Cezar Consing, president and chief executive officer of BPI and chairman of BPI Family Savings Bank, said the merger, subject to shareholder and regulatory approvals, has the best interests of our customers and employees in mind.
IRRI

MANILA, Philippines — The Ayala Group is merging the 169-year old Bank of the Philippine Islands (BPI) and its thrift bank subsidiary BPI Family Savings Banks, resulting in an 8.5 million client base for the merged entity.

The listed bank’s board of directors yesterday approved the merger of the country’s fourth largest universal bank and biggest thrift bank. The merger is expected to be completed within the year.

Cezar Consing, president and chief executive officer of BPI and chairman of BPI Family Savings Bank, said the merger, subject to shareholder and regulatory approvals, has the best interests of our customers and employees in mind.
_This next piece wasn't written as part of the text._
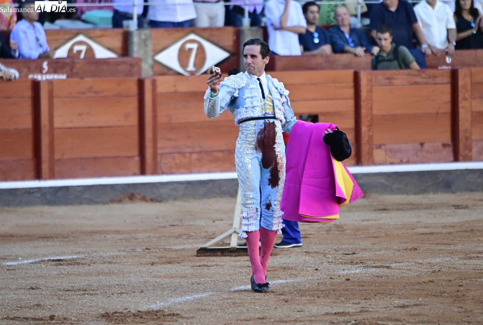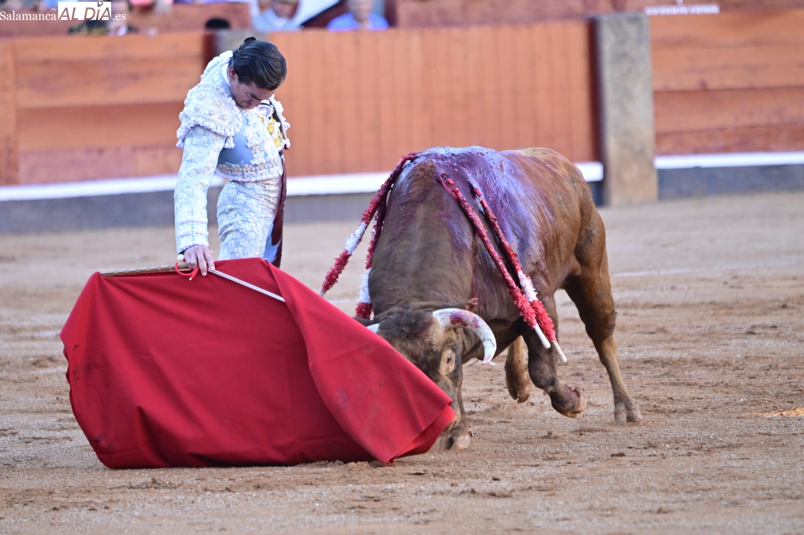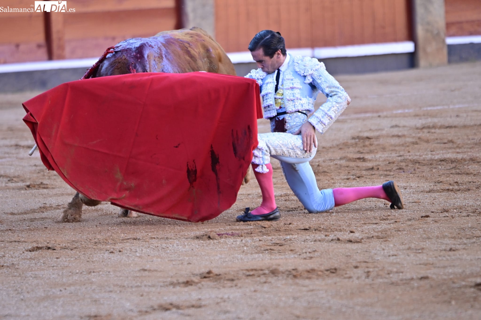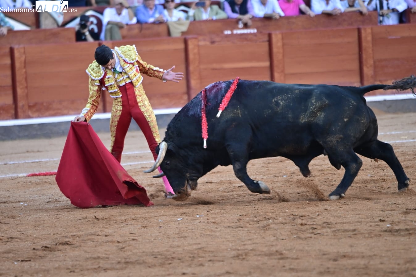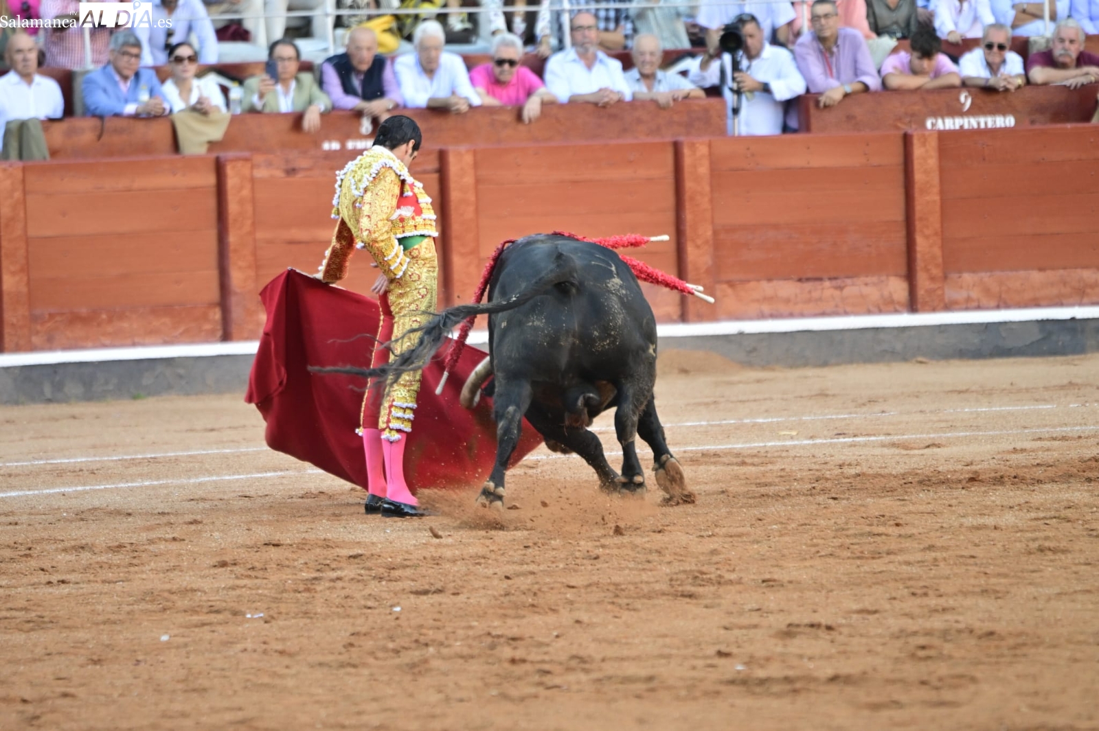 Ese fue el momento álgido de la función. El otro fue la faena de Juan Ortega al segundo de la tarde. Una obra delicada y primorosa frente a una embestida de dulce. Paró el tiempo el trianero en varios muletazos, sobre todo al natural, frente a un 'Afrutado' que fue el toro ideal para Ortega. El inicio de faena, que será recordado durante tiempo, comenzó con la muleta plegada, para dibujar un molinete y seguir toreando con ayudados por abajo antes de un cambio de mano delicatessen. Oreja de peso en su presentación en Salamanca. Frente al quinto dejó detalles en una faena demasiado larga frente al peor del envío de Garcigrande en la que intentó hacer todo siempre con verdad y muy despacio.
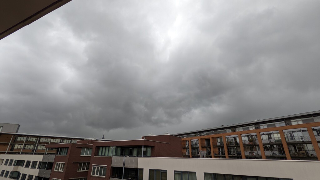 Hier geen schade, uiteindelijk 4 slagen gehoord, nog twee rommels gehoord, ik schatte de windvlagen rond de 90 km per uur, het kan heel goed dat er schade bij deze buien ontstaan, dat gebeurde hier vooral op 31 maart 2015, toen zelfs een spoor van vernielingen door een downburst

“As One BPI, our 8.5 million customers will be able to enjoy the full suite of the BPI group’s products, via all our digital and physical channels. Similarly, as One BPI, our employees will have the ability to work across a larger, more varied bank, while having continuity of tenure and job level,” Consing said.

BPI said the merger would prime the listed bank to seize emerging opportunities and ultimately enhance the overall banking experience of customers.

“The integration of both entities will provide considerable advantages to the customers and employees of BPI and BPI Family Savings Bank, and present potential synergies that will benefit shareholders,” the bank said.

It also said the reduction in the gap in regulatory reserve requirements between commercial banks and thrift banks was also a factor in the timing of the transaction.

“If our customers and employees are better off, our shareholders will also benefit. This merger is timed to provide us with the platform to help lead the economic recovery that is sure to come,” Consing said.

BPI is the country’s fourth largest universal bank in terms of assets with P1.88 trillion as of end- September last year. It ranked fourth in terms of deposits with P1.42 trillion and second in terms of loan book with P1.17 trillion.

On the other hand, BPI Family Savings Bank is the country’s largest thrift bank with P305.57 billion in assets, P254.18 billion in deposits and P219.55 billion in loans as of end- September last year.

The thrift bank arm has focused on providing housing and auto loans to Filipino families, and is a market leader in these loan segments. It has approximately 3,000 employees.

Other big banks that consolidated their banking interests earlier include Yuchengco-led Rizal Commercial Banking Corp. (RCBC) and Philippine National Bank of tobacco and airline magnate Lucio Tan.